▸ **Action item**: Copy out the data word for word, without any of its pictures.
(Data to process Opens)
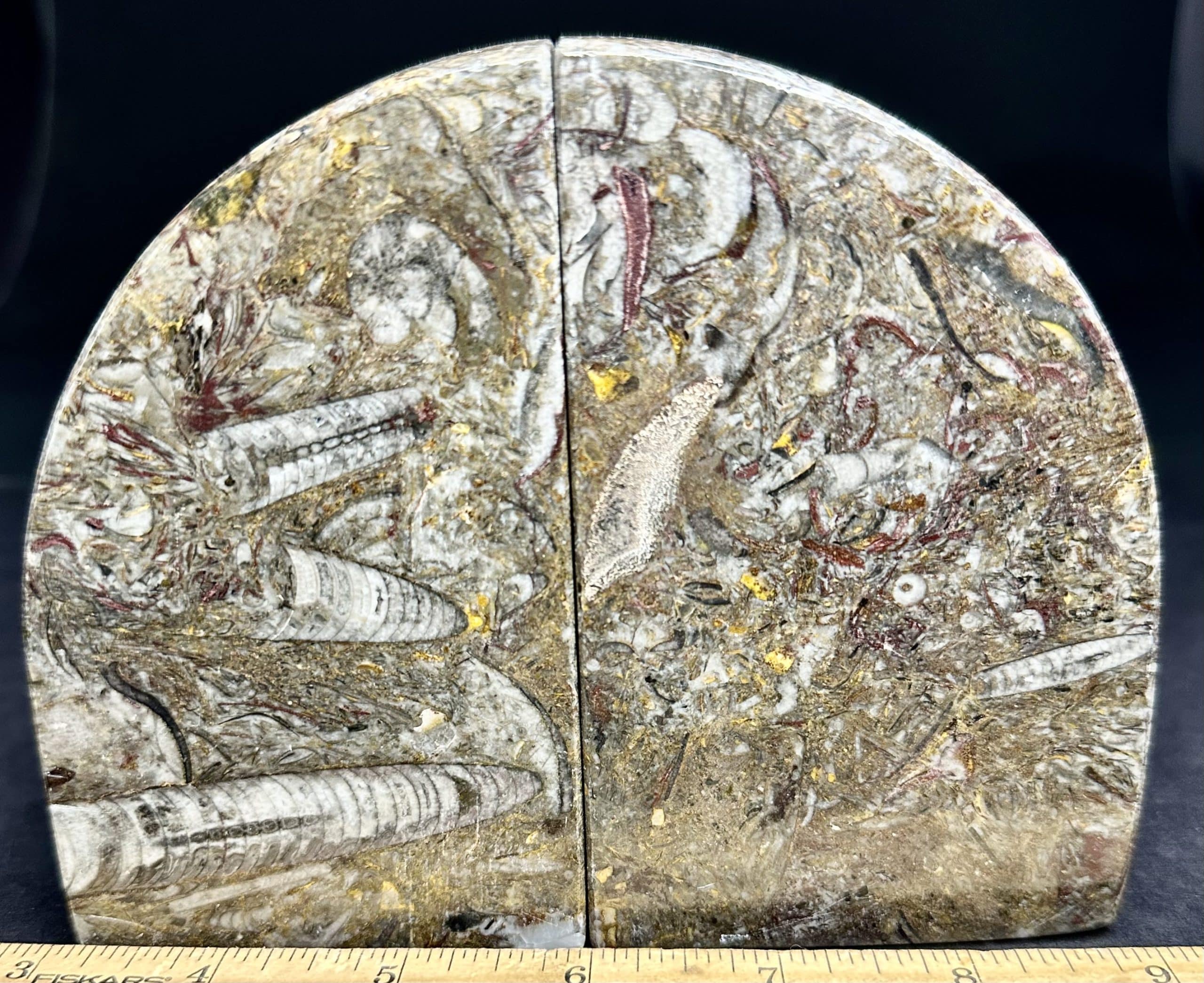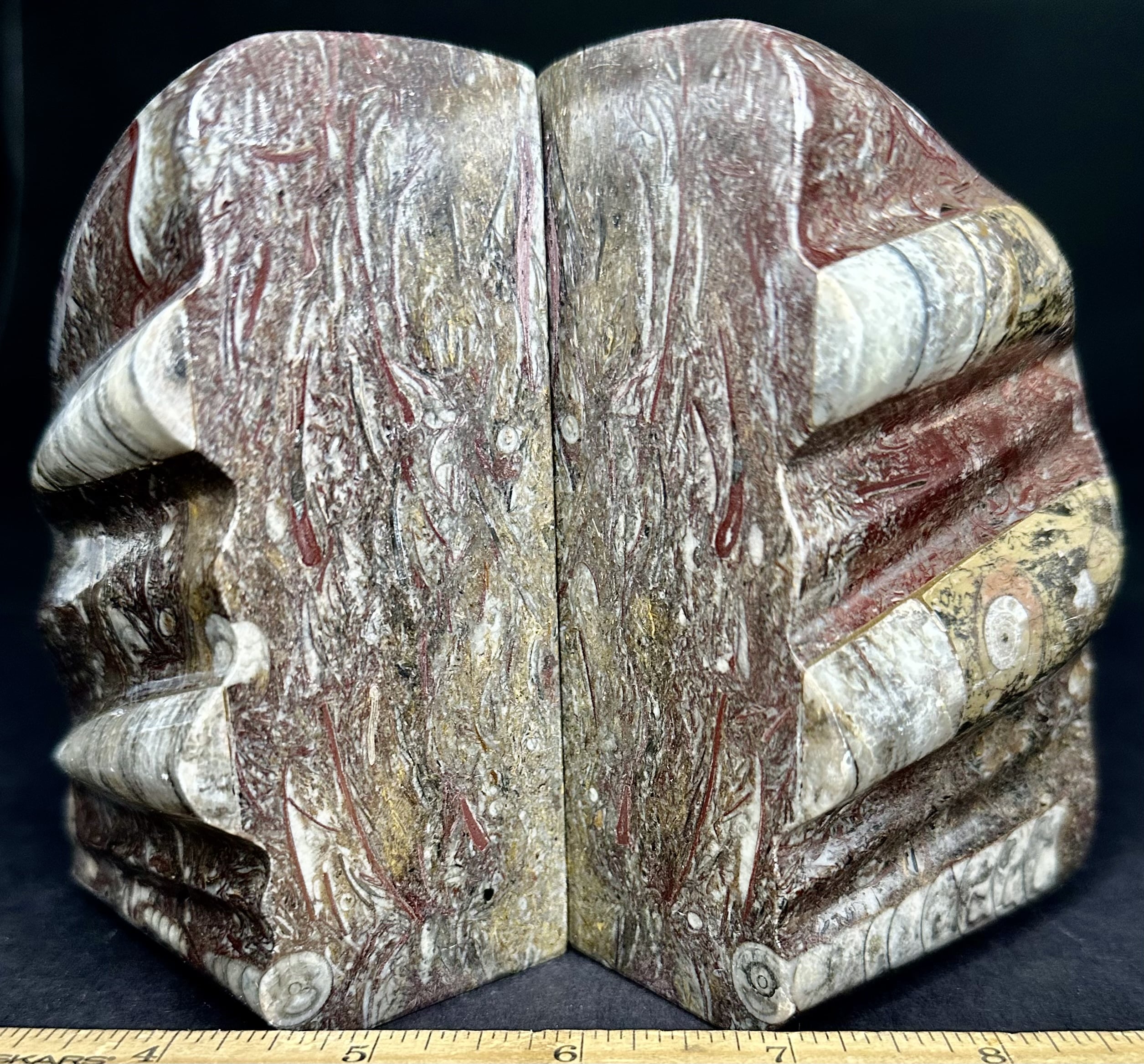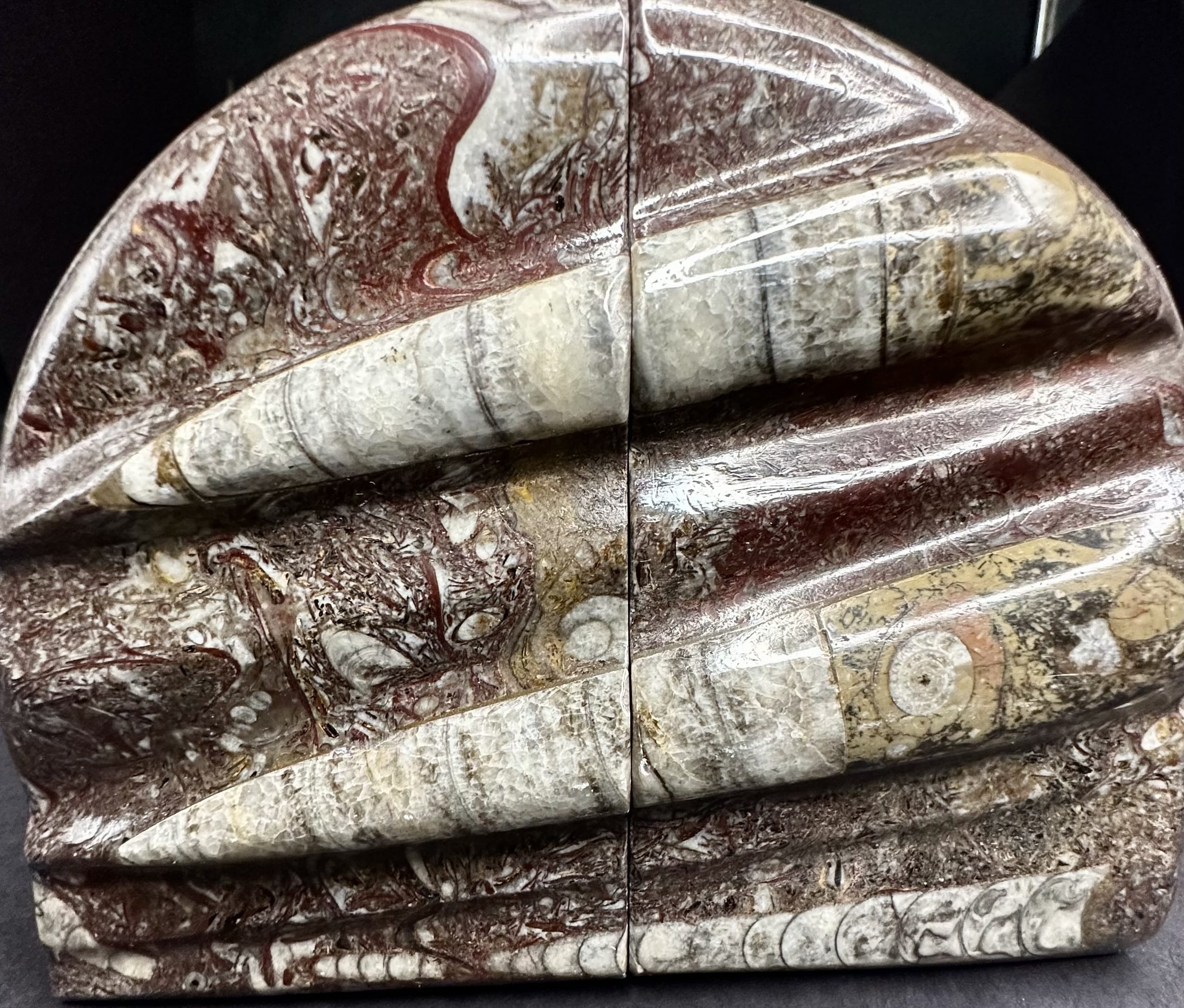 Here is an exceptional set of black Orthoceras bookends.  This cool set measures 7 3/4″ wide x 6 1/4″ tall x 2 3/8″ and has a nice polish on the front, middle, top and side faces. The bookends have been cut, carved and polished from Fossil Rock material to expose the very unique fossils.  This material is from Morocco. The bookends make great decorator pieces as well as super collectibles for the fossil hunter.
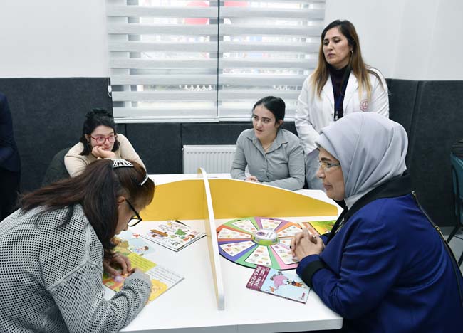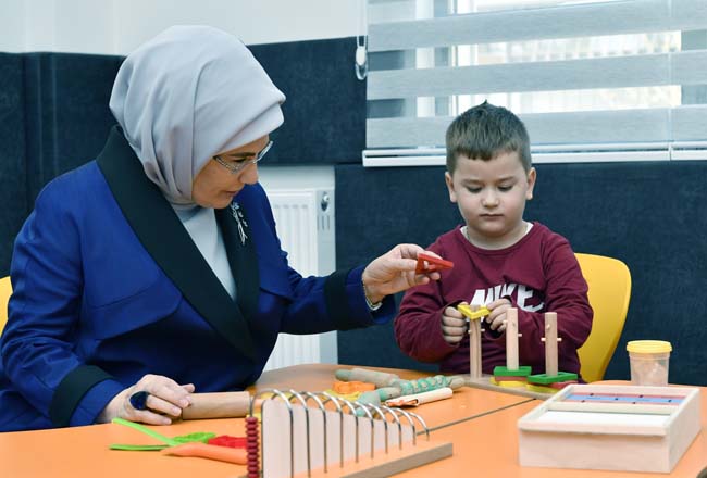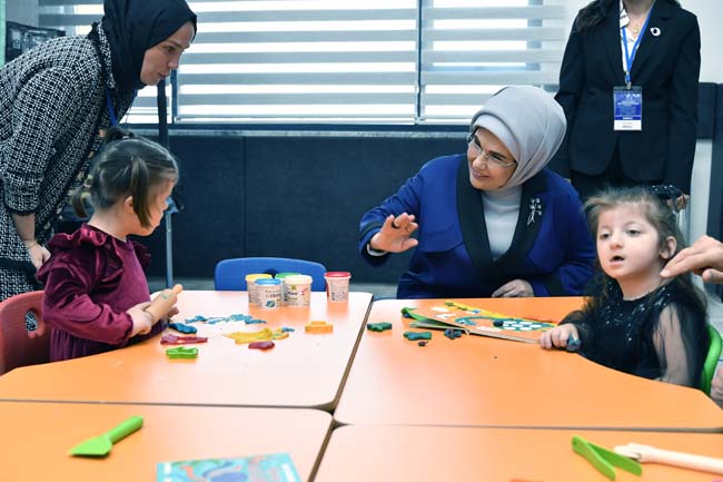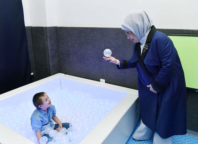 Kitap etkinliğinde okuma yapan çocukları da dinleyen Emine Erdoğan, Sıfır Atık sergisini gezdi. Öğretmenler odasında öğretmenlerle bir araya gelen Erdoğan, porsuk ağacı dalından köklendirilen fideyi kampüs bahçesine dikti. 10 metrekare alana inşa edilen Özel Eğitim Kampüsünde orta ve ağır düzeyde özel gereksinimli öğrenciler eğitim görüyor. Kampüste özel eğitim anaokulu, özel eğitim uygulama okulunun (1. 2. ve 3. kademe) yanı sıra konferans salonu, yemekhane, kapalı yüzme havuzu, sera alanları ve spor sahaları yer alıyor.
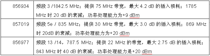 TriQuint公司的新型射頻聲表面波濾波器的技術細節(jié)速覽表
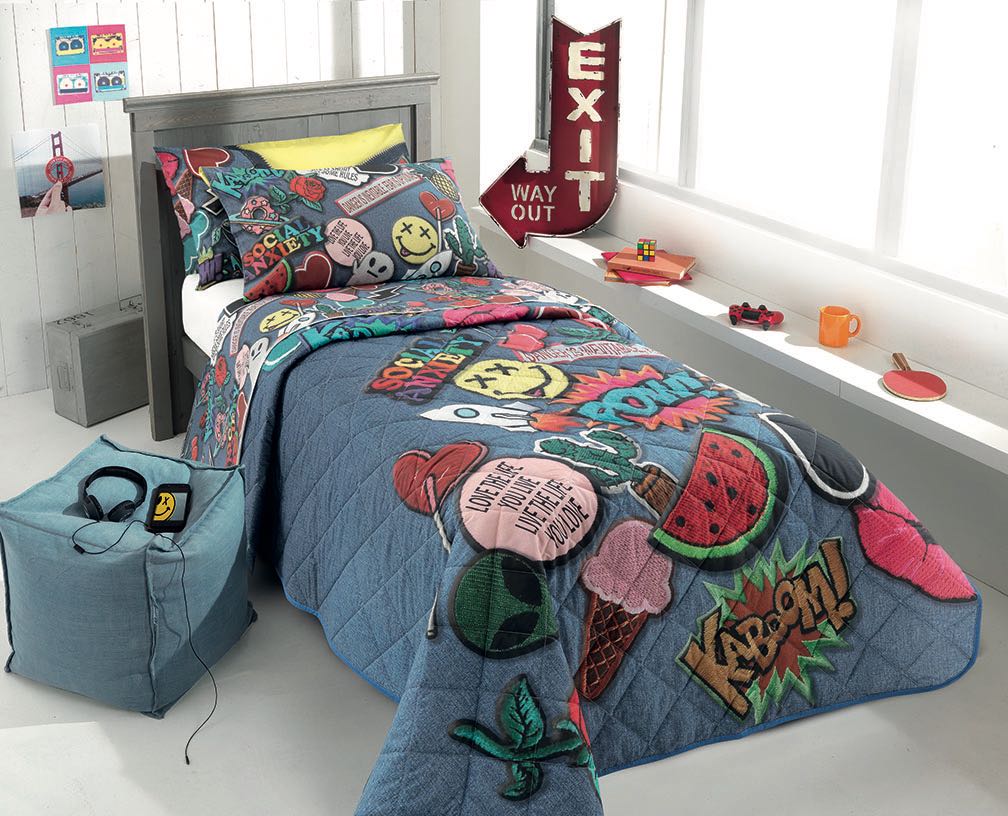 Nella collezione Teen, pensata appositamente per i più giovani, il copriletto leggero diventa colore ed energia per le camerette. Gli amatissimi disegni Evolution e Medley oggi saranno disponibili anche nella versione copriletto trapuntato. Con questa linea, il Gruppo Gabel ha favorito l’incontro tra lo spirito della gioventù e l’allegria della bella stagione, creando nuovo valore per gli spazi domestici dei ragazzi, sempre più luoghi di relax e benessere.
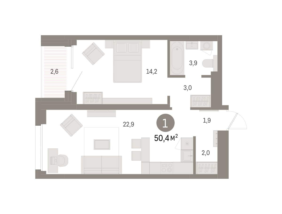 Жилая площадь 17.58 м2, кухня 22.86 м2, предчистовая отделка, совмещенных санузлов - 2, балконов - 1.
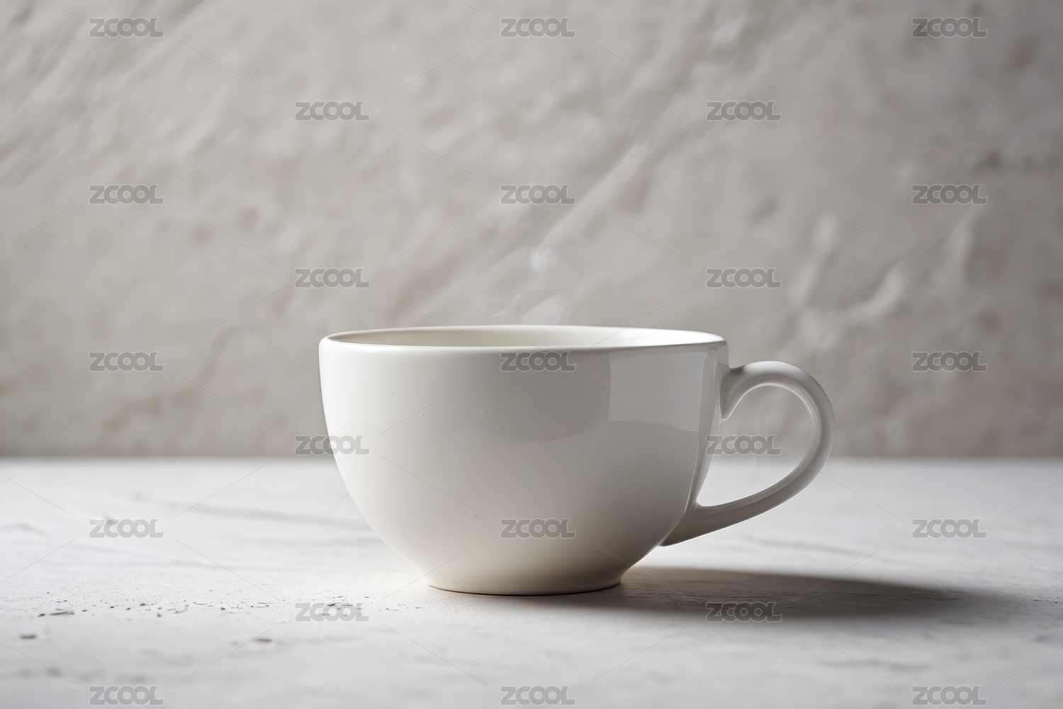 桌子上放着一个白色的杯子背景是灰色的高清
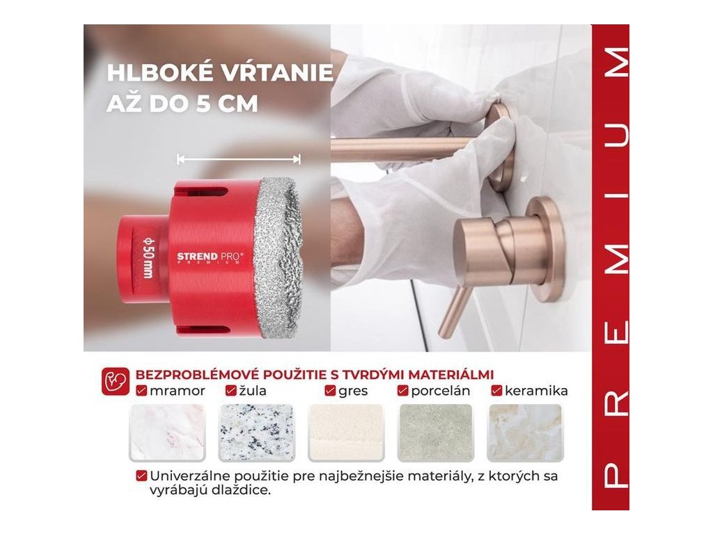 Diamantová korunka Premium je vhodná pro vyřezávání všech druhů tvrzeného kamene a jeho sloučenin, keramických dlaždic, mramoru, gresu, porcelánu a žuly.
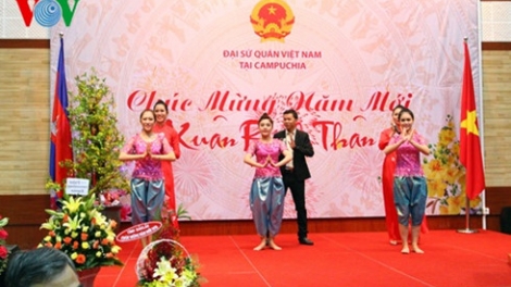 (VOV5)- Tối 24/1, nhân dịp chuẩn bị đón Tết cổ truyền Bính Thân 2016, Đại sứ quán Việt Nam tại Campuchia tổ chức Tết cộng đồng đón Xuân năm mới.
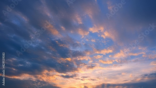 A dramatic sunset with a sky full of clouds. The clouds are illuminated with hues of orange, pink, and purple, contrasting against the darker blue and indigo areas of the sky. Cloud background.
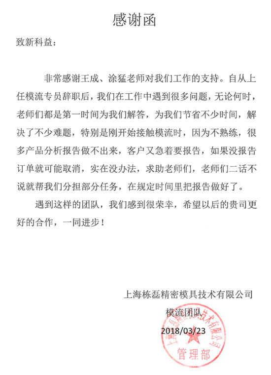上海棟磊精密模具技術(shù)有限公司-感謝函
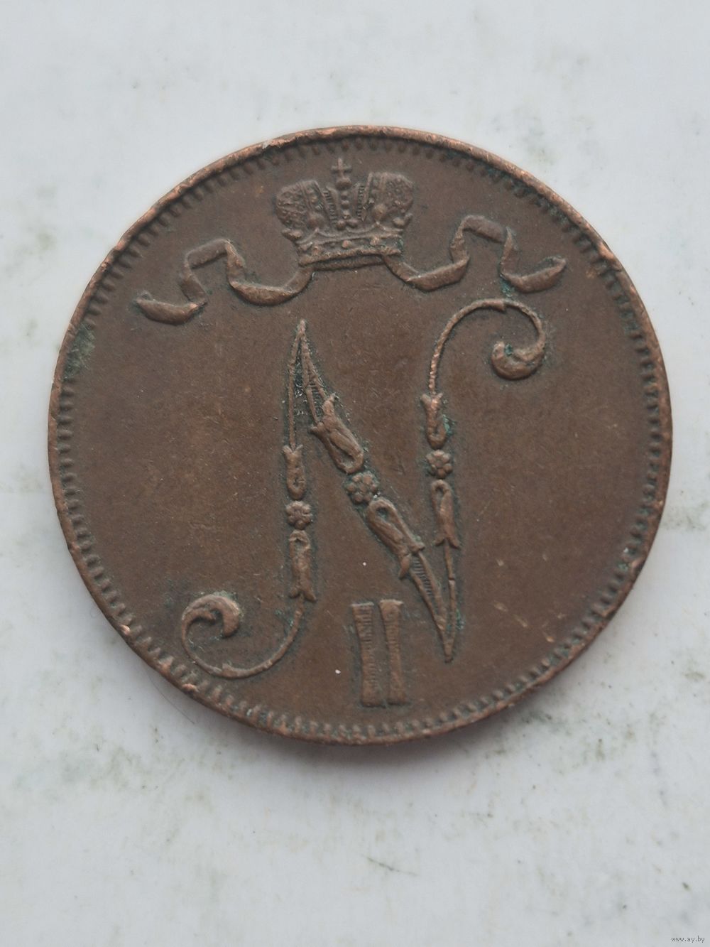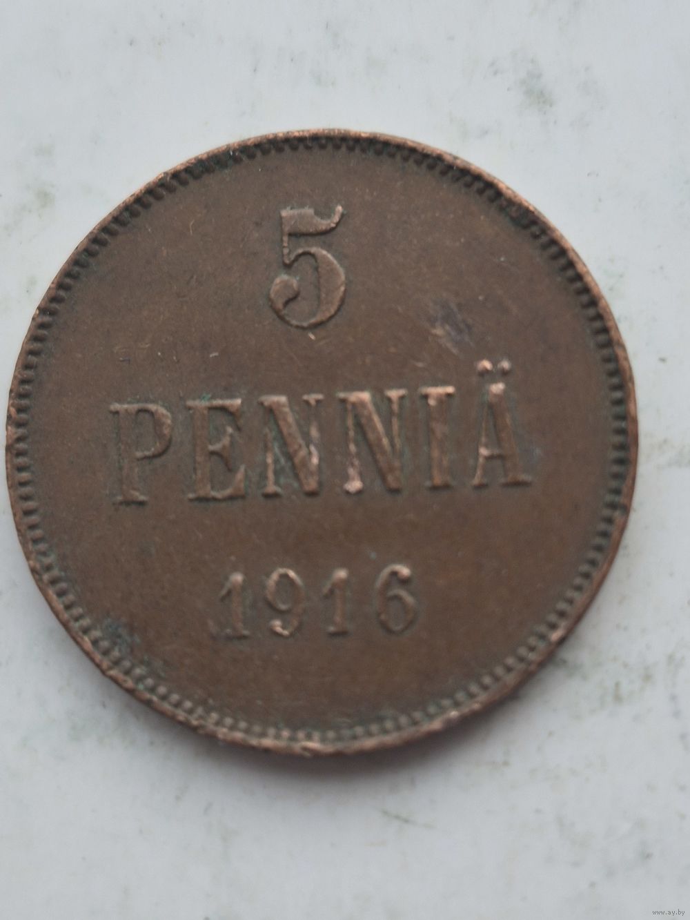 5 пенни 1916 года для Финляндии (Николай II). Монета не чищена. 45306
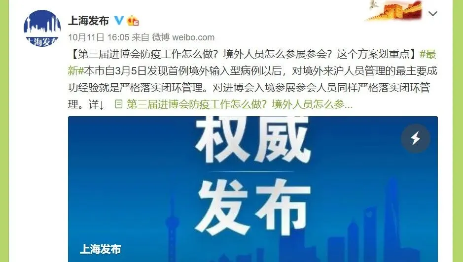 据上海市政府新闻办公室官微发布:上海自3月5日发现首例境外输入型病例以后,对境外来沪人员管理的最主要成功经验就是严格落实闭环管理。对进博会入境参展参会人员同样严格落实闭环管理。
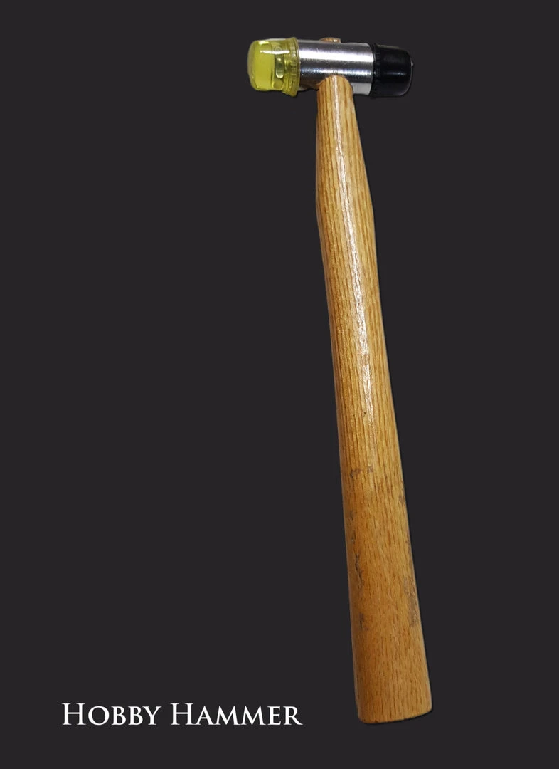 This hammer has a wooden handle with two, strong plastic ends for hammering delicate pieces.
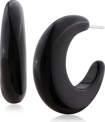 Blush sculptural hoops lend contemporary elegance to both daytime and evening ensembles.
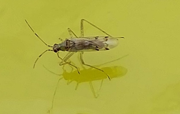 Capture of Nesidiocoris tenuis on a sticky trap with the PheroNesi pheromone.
(Data to process Closes)
▸ **Exercise response**:
 Here is an exceptional set of black Orthoceras bookends.  This cool set measures 7 3/4″ wide x 6 1/4″ tall x 2 3/8″ and has a nice polish on the front, middle, top and side faces. The bookends have been cut, carved and polished from Fossil Rock material to expose the very unique fossils.  This material is from Morocco. The bookends make great decorator pieces as well as super collectibles for the fossil hunter.
 Kitap etkinliğinde okuma yapan çocukları da dinleyen Emine Erdoğan, Sıfır Atık sergisini gezdi. Öğretmenler odasında öğretmenlerle bir araya gelen Erdoğan, porsuk ağacı dalından köklendirilen fideyi kampüs bahçesine dikti. 10 metrekare alana inşa edilen Özel Eğitim Kampüsünde orta ve ağır düzeyde özel gereksinimli öğrenciler eğitim görüyor. Kampüste özel eğitim anaokulu, özel eğitim uygulama okulunun (1. 2. ve 3. kademe) yanı sıra konferans salonu, yemekhane, kapalı yüzme havuzu, sera alanları ve spor sahaları yer alıyor.
 TriQuint公司的新型射頻聲表面波濾波器的技術細節(jié)速覽表
 Nella collezione Teen, pensata appositamente per i più giovani, il copriletto leggero diventa colore ed energia per le camerette. Gli amatissimi disegni Evolution e Medley oggi saranno disponibili anche nella versione copriletto trapuntato. Con questa linea, il Gruppo Gabel ha favorito l’incontro tra lo spirito della gioventù e l’allegria della bella stagione, creando nuovo valore per gli spazi domestici dei ragazzi, sempre più luoghi di relax e benessere.
 Жилая площадь 17.58 м2, кухня 22.86 м2, предчистовая отделка, совмещенных санузлов - 2, балконов - 1.
 桌子上放着一个白色的杯子背景是灰色的高清
 Diamantová korunka Premium je vhodná pro vyřezávání všech druhů tvrzeného kamene a jeho sloučenin, keramických dlaždic, mramoru, gresu, porcelánu a žuly.
 (VOV5)- Tối 24/1, nhân dịp chuẩn bị đón Tết cổ truyền Bính Thân 2016, Đại sứ quán Việt Nam tại Campuchia tổ chức Tết cộng đồng đón Xuân năm mới.
 A dramatic sunset with a sky full of clouds. The clouds are illuminated with hues of orange, pink, and purple, contrasting against the darker blue and indigo areas of the sky. Cloud background.
上海棟磊精密模具技術(shù)有限公司-感謝函
 5 пенни 1916 года для Финляндии (Николай II). Монета не чищена. 45306
 据上海市政府新闻办公室官微发布:上海自3月5日发现首例境外输入型病例以后,对境外来沪人员管理的最主要成功经验就是严格落实闭环管理。对进博会入境参展参会人员同样严格落实闭环管理。
 This hammer has a wooden handle with two, strong plastic ends for hammering delicate pieces.
 Blush sculptural hoops lend contemporary elegance to both daytime and evening ensembles.
 Capture of Nesidiocoris tenuis on a sticky trap with the PheroNesi pheromone.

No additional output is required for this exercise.